■ Exercise prompt ■
Quote exactly and only this range of lines in the data below: the line that holds "Платья голубых оттенков" to the line that holds "Plate GalacticaWhen the", both included.

┌─ Data supplied

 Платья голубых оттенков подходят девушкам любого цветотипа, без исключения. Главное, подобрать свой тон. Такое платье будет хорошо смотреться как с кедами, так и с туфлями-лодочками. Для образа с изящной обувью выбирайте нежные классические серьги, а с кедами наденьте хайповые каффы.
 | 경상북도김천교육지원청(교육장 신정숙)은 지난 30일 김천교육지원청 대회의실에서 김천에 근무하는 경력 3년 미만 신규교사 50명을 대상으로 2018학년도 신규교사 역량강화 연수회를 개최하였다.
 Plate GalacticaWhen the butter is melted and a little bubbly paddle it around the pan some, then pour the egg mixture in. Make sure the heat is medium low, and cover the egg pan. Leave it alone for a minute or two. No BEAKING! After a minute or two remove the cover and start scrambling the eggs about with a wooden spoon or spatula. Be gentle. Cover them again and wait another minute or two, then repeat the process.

└─
┌─ Data supplied

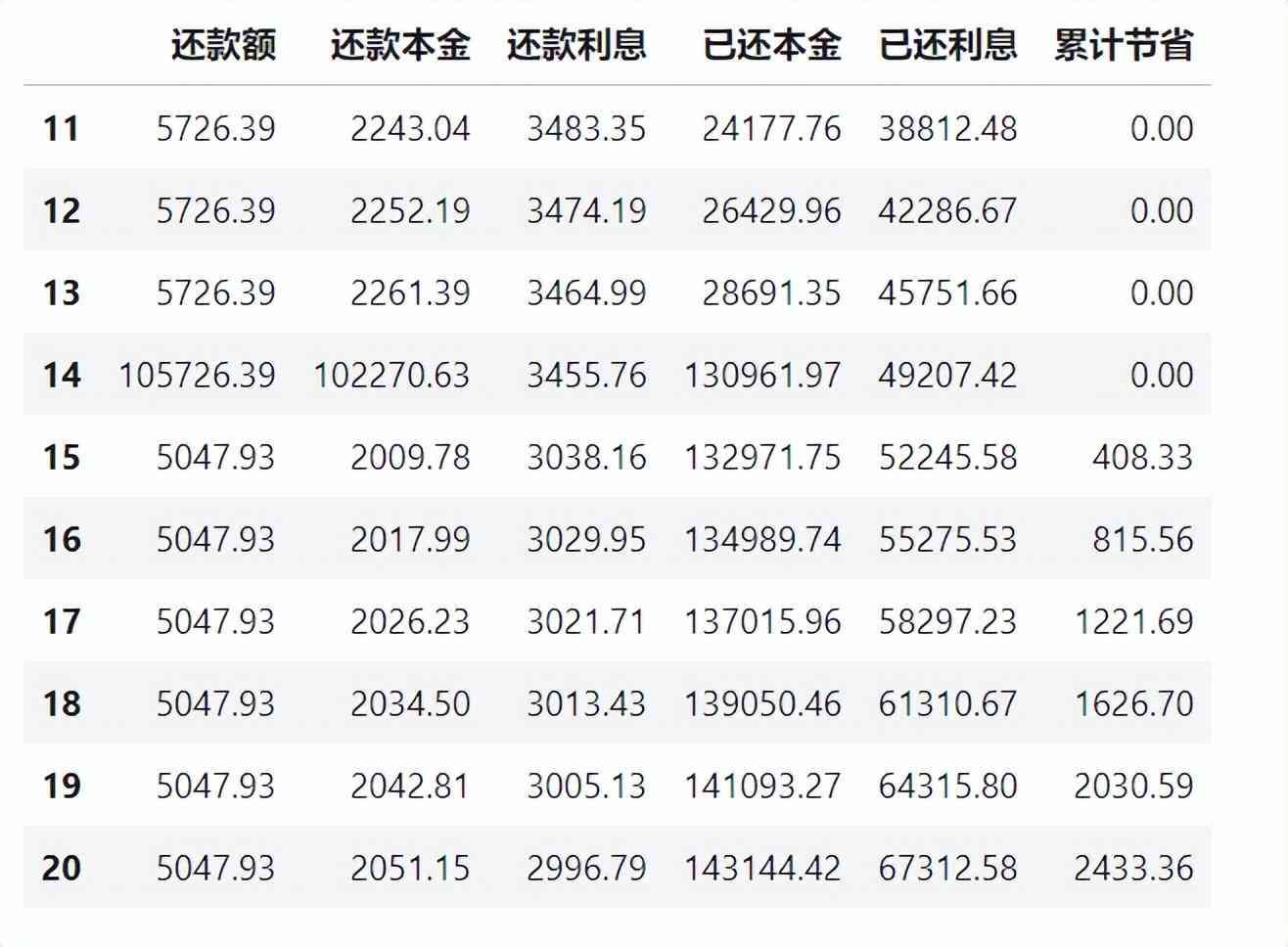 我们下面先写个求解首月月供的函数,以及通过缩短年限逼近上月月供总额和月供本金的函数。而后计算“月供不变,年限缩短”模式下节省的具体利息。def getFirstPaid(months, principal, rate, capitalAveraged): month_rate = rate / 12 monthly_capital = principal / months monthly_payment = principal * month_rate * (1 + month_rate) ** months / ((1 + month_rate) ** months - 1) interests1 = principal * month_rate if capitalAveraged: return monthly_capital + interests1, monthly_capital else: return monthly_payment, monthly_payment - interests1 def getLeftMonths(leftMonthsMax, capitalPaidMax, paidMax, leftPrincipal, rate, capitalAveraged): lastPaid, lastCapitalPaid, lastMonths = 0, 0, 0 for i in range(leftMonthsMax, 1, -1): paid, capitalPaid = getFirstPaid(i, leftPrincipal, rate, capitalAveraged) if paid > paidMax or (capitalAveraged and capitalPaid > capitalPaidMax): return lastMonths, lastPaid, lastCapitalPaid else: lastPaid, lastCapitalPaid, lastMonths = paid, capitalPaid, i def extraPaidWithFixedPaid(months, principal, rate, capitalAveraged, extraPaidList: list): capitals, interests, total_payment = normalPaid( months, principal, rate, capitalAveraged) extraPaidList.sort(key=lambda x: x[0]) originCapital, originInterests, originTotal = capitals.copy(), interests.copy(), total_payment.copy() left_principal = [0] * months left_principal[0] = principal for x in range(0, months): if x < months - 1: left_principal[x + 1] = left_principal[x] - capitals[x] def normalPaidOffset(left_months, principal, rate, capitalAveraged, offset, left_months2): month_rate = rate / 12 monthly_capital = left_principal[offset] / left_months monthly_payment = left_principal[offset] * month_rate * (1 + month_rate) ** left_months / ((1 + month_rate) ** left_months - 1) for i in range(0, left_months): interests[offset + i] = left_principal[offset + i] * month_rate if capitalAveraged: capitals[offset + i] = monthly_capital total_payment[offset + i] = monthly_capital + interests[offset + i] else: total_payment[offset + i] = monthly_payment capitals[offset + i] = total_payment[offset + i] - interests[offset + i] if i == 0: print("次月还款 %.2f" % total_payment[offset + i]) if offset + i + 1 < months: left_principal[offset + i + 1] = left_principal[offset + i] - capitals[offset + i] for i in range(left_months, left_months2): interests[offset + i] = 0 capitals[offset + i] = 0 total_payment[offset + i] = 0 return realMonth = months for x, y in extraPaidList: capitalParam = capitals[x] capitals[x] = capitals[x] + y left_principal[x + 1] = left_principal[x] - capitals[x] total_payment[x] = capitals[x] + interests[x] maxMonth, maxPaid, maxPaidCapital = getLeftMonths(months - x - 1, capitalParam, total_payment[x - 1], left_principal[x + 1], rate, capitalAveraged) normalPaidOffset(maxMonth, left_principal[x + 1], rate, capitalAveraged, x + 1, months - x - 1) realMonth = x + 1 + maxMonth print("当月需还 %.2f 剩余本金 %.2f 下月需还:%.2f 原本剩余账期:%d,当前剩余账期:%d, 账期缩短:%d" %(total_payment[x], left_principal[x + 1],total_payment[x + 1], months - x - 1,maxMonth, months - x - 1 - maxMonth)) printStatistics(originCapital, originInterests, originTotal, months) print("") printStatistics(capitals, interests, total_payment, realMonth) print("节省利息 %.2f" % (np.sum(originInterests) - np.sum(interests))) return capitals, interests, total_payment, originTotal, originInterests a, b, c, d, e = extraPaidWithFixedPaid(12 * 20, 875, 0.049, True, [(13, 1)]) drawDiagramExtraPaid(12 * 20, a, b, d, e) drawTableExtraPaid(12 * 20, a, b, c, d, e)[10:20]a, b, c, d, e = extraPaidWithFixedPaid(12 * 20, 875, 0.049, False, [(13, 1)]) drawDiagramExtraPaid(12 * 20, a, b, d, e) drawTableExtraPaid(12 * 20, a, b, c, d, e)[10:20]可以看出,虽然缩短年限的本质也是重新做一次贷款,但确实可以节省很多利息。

└─

■ Exercise output ■
 Платья голубых оттенков подходят девушкам любого цветотипа, без исключения. Главное, подобрать свой тон. Такое платье будет хорошо смотреться как с кедами, так и с туфлями-лодочками. Для образа с изящной обувью выбирайте нежные классические серьги, а с кедами наденьте хайповые каффы.
 | 경상북도김천교육지원청(교육장 신정숙)은 지난 30일 김천교육지원청 대회의실에서 김천에 근무하는 경력 3년 미만 신규교사 50명을 대상으로 2018학년도 신규교사 역량강화 연수회를 개최하였다.
 Plate GalacticaWhen the butter is melted and a little bubbly paddle it around the pan some, then pour the egg mixture in. Make sure the heat is medium low, and cover the egg pan. Leave it alone for a minute or two. No BEAKING! After a minute or two remove the cover and start scrambling the eggs about with a wooden spoon or spatula. Be gentle. Cover them again and wait another minute or two, then repeat the process.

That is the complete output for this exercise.